Data under study
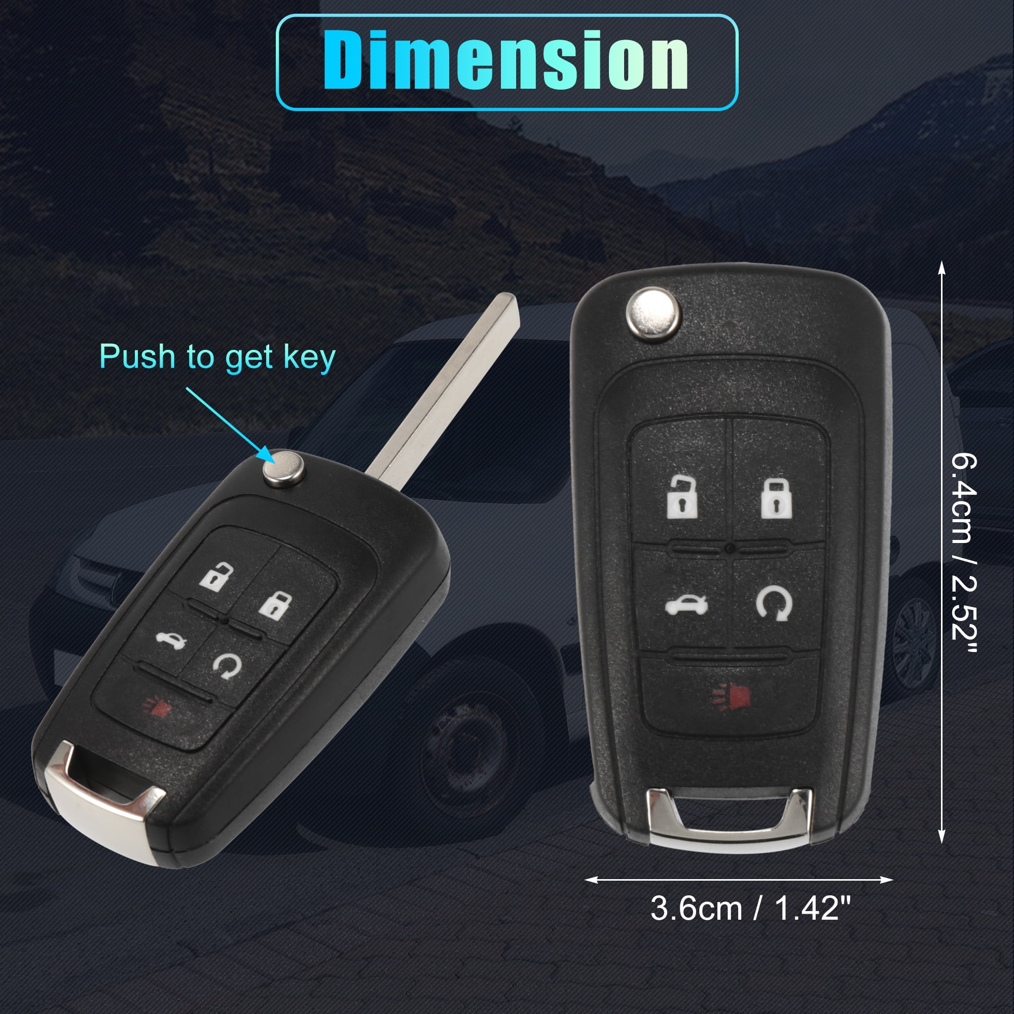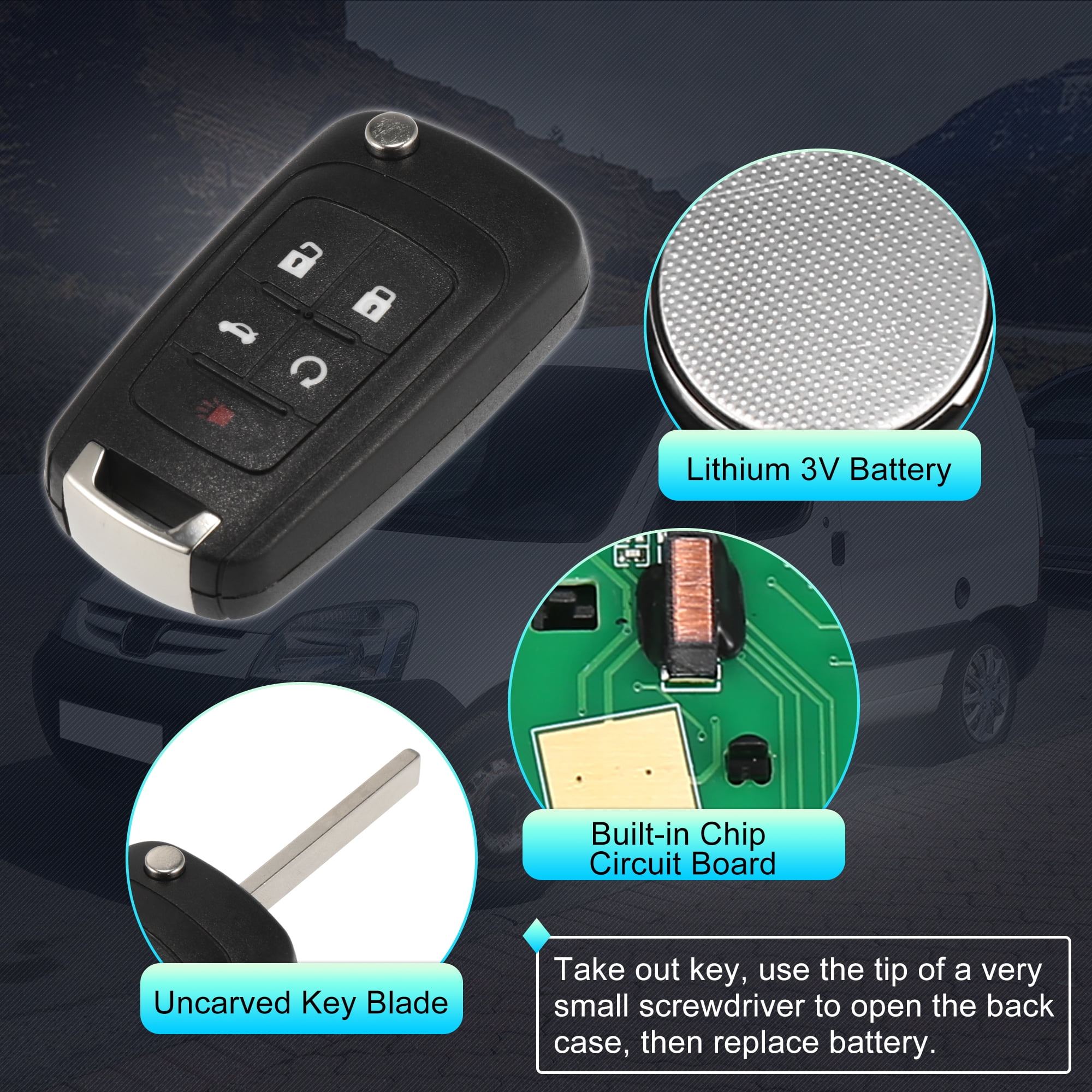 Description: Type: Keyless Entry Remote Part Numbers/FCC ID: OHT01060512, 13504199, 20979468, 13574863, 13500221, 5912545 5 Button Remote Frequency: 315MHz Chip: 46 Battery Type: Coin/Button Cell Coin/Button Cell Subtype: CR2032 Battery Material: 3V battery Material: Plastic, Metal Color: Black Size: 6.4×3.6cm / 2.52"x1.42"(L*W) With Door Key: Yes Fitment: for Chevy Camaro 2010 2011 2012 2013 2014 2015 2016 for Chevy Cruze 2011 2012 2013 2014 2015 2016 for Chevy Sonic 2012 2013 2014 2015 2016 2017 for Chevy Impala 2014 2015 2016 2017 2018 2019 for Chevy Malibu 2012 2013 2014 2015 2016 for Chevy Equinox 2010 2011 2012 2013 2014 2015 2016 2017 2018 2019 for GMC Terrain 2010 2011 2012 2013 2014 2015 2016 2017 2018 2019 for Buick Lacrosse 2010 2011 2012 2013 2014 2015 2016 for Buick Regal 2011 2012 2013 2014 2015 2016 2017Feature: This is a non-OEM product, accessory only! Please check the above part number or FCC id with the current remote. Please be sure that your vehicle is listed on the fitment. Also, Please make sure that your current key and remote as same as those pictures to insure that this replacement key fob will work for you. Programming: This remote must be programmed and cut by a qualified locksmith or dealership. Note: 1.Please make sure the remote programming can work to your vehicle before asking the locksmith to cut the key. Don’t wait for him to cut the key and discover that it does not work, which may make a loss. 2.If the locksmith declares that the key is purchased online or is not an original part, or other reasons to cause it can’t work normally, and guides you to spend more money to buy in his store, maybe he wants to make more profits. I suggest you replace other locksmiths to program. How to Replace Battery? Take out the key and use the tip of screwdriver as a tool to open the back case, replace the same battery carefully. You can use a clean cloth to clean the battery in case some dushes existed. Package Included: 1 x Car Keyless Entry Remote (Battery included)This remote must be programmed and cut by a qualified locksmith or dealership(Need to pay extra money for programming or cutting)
...
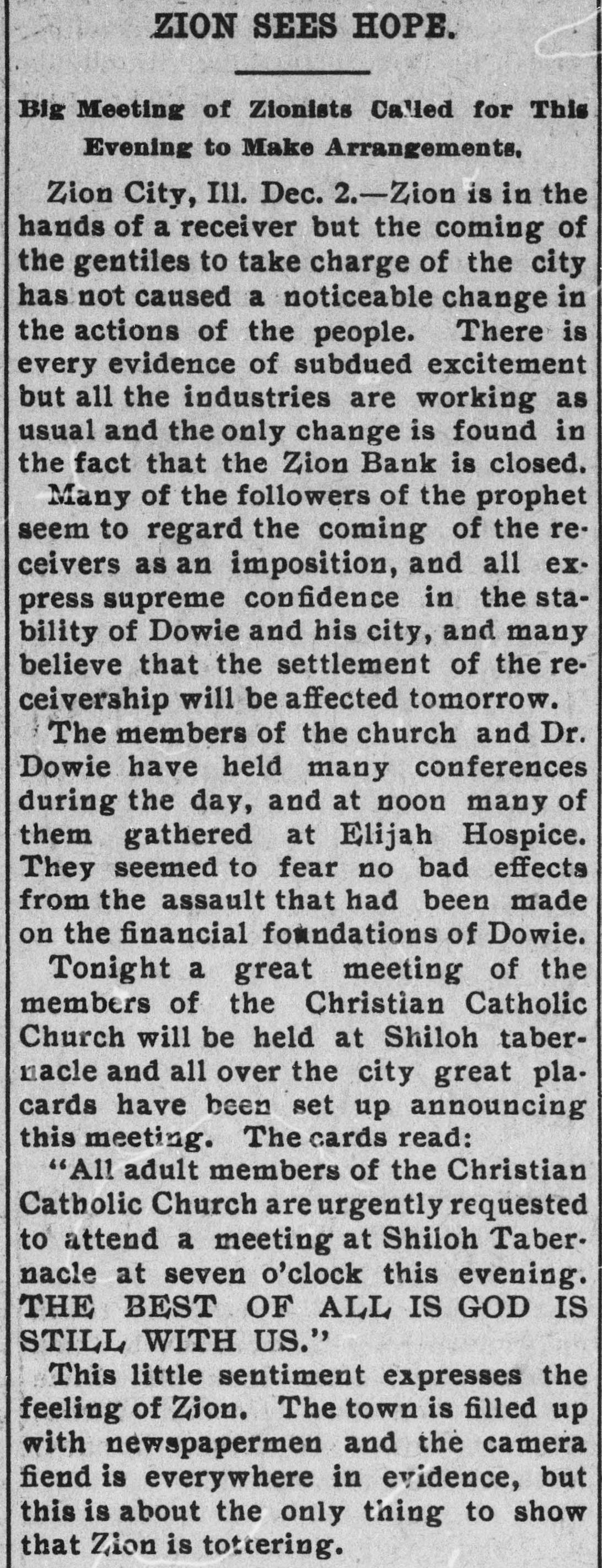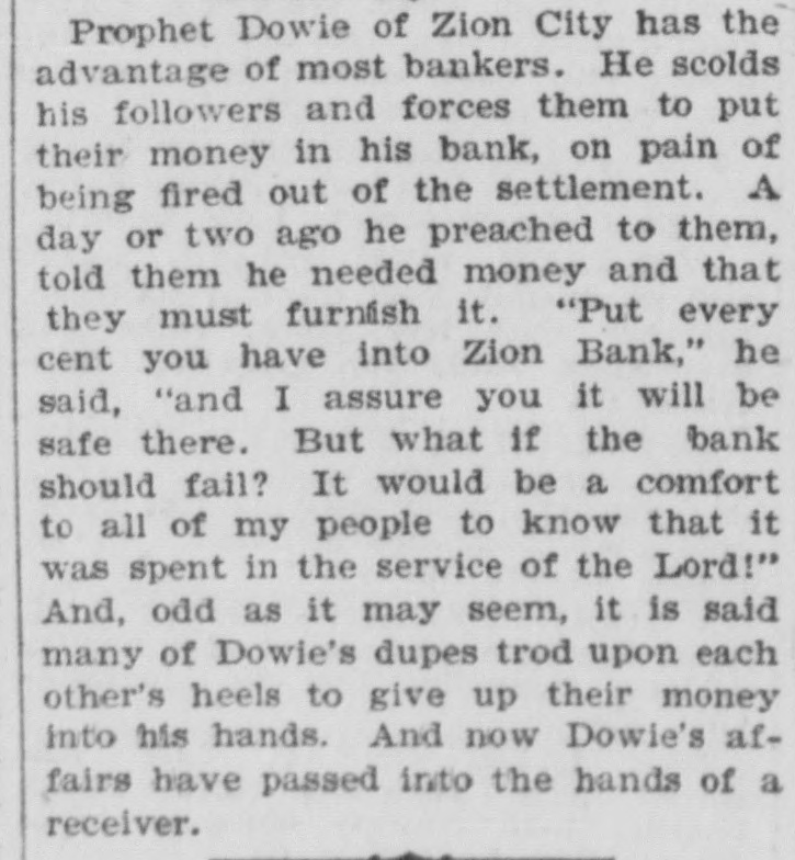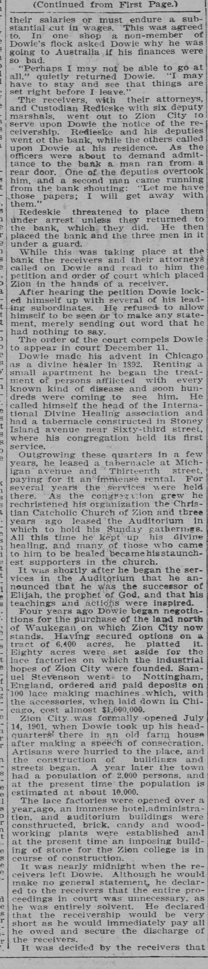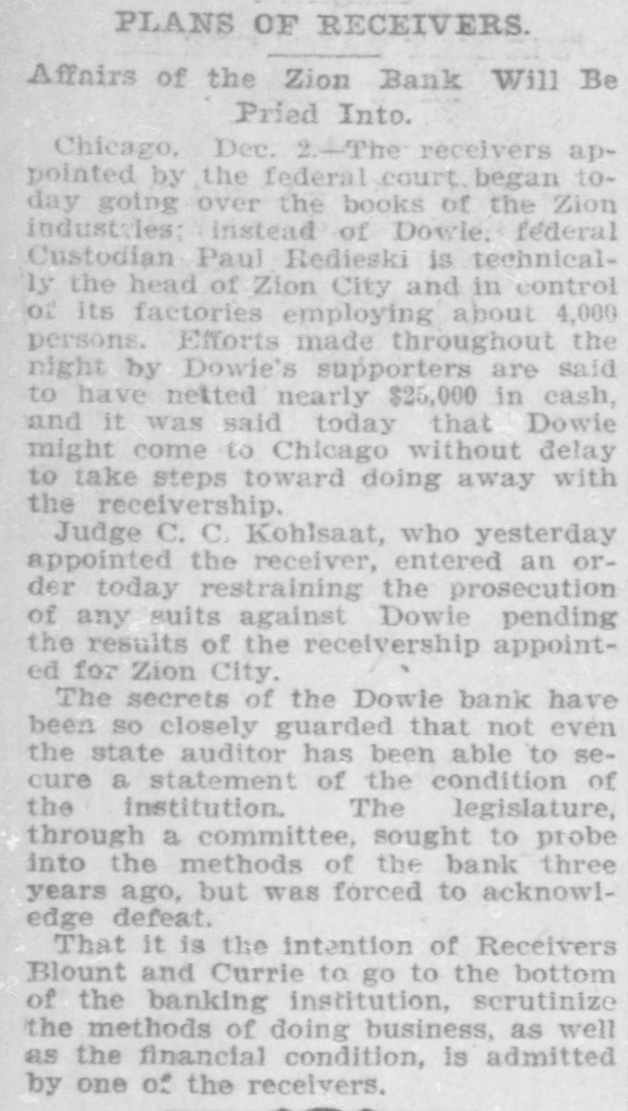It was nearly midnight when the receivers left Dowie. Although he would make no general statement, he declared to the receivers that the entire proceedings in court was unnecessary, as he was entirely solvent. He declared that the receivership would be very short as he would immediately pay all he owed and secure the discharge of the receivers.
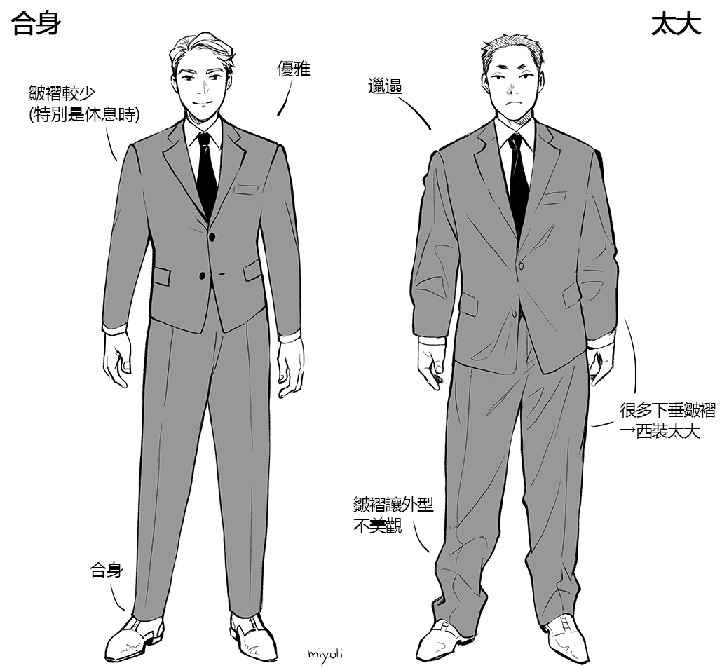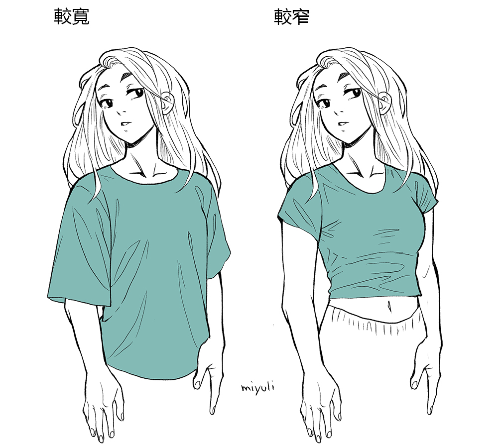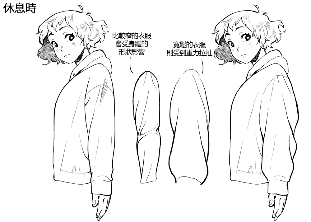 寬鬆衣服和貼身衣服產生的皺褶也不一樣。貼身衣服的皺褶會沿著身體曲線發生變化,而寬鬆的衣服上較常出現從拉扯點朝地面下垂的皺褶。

Work to complete
Above are some records; extract exactly the lines from the one containing "It was nearly" through the one containing "寬鬆衣服和貼身衣服產生的皺褶" and drop the pictures.

Problem solution
It was nearly midnight when the receivers left Dowie. Although he would make no general statement, he declared to the receivers that the entire proceedings in court was unnecessary, as he was entirely solvent. He declared that the receivership would be very short as he would immediately pay all he owed and secure the discharge of the receivers.
 寬鬆衣服和貼身衣服產生的皺褶也不一樣。貼身衣服的皺褶會沿著身體曲線發生變化,而寬鬆的衣服上較常出現從拉扯點朝地面下垂的皺褶。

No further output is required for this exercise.